(The records)
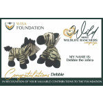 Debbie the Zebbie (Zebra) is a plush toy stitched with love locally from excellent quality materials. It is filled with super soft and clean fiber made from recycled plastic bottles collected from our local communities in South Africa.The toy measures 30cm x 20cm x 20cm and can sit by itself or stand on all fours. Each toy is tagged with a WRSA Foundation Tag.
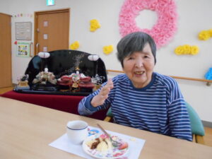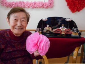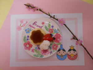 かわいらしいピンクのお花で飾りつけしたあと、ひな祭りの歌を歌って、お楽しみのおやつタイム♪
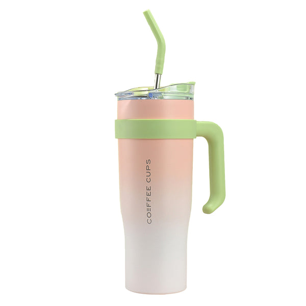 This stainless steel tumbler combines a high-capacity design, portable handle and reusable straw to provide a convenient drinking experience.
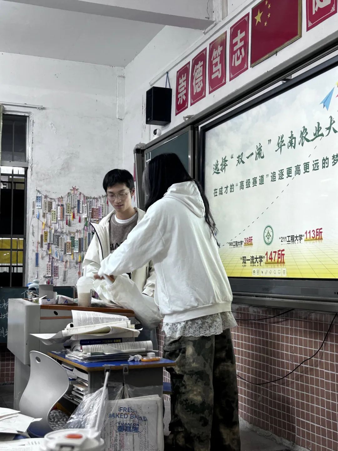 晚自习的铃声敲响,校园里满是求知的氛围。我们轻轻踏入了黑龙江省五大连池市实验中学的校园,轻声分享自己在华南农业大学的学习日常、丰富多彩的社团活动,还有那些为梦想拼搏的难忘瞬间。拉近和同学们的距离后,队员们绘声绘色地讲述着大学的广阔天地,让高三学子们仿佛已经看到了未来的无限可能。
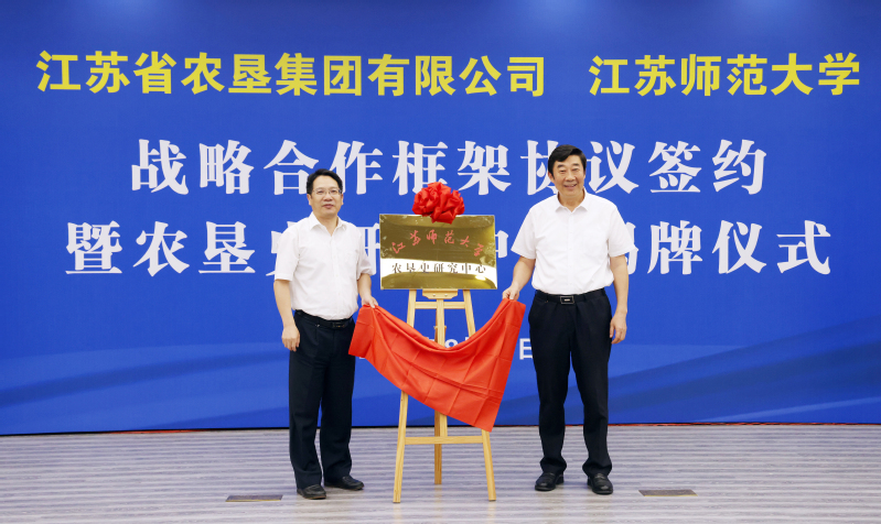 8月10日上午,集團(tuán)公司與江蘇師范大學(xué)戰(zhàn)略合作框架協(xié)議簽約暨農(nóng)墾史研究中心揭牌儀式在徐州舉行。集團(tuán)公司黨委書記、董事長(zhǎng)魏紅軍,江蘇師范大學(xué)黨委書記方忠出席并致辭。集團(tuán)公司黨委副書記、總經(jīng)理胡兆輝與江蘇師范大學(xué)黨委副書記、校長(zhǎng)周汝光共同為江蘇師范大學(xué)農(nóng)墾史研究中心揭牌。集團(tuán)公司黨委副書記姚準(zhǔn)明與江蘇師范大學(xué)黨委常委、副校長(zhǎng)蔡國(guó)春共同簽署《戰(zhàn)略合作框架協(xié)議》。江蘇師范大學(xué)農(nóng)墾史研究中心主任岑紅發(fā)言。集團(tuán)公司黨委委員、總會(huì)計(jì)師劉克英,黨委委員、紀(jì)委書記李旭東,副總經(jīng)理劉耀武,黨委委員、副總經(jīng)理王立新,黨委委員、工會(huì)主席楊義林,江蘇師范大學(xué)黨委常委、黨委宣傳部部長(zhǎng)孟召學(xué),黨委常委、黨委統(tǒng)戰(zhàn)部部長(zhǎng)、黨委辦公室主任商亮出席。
(End The records)
(The records)
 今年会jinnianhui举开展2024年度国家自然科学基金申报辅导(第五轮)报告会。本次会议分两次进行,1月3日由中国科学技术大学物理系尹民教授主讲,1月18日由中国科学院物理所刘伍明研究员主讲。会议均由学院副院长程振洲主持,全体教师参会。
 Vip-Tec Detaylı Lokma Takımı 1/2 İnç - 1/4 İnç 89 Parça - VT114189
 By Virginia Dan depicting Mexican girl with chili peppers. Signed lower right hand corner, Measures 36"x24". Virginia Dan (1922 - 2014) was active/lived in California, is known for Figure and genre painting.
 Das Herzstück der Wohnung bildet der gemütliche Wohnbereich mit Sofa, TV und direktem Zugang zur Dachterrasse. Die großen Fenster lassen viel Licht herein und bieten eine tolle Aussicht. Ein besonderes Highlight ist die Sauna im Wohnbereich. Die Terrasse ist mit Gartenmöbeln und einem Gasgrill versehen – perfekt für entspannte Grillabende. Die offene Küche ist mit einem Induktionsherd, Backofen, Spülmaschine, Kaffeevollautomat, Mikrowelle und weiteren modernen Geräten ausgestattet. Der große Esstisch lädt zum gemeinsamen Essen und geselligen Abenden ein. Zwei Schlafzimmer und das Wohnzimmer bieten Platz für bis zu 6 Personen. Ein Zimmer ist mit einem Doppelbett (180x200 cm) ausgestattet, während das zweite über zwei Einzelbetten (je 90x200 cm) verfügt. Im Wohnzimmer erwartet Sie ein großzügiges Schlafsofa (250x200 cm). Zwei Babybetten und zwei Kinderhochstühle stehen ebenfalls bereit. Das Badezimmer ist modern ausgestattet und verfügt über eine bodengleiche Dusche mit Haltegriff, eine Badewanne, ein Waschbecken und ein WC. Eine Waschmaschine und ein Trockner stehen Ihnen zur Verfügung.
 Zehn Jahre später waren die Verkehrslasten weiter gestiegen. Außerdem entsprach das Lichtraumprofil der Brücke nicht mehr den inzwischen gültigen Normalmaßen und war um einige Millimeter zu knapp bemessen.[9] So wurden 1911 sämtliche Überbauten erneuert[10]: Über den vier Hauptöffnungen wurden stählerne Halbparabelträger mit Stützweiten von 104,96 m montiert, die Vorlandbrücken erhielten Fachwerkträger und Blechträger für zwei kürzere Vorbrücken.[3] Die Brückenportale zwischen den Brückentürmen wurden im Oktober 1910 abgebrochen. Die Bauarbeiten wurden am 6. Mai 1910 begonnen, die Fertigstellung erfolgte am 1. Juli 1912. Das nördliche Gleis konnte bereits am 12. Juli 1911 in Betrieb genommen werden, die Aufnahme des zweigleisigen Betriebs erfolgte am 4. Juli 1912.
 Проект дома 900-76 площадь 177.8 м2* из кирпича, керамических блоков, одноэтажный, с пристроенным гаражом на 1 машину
(End The records)
Problem statement:
Your answer should be the lines above, from the line containing "Zehn Jahre später" up to and including the line containing "Проект дома 900-76", reproduced exactly and with nothing else.

Written response:
 Zehn Jahre später waren die Verkehrslasten weiter gestiegen. Außerdem entsprach das Lichtraumprofil der Brücke nicht mehr den inzwischen gültigen Normalmaßen und war um einige Millimeter zu knapp bemessen.[9] So wurden 1911 sämtliche Überbauten erneuert[10]: Über den vier Hauptöffnungen wurden stählerne Halbparabelträger mit Stützweiten von 104,96 m montiert, die Vorlandbrücken erhielten Fachwerkträger und Blechträger für zwei kürzere Vorbrücken.[3] Die Brückenportale zwischen den Brückentürmen wurden im Oktober 1910 abgebrochen. Die Bauarbeiten wurden am 6. Mai 1910 begonnen, die Fertigstellung erfolgte am 1. Juli 1912. Das nördliche Gleis konnte bereits am 12. Juli 1911 in Betrieb genommen werden, die Aufnahme des zweigleisigen Betriebs erfolgte am 4. Juli 1912.
 Проект дома 900-76 площадь 177.8 м2* из кирпича, керамических блоков, одноэтажный, с пристроенным гаражом на 1 машину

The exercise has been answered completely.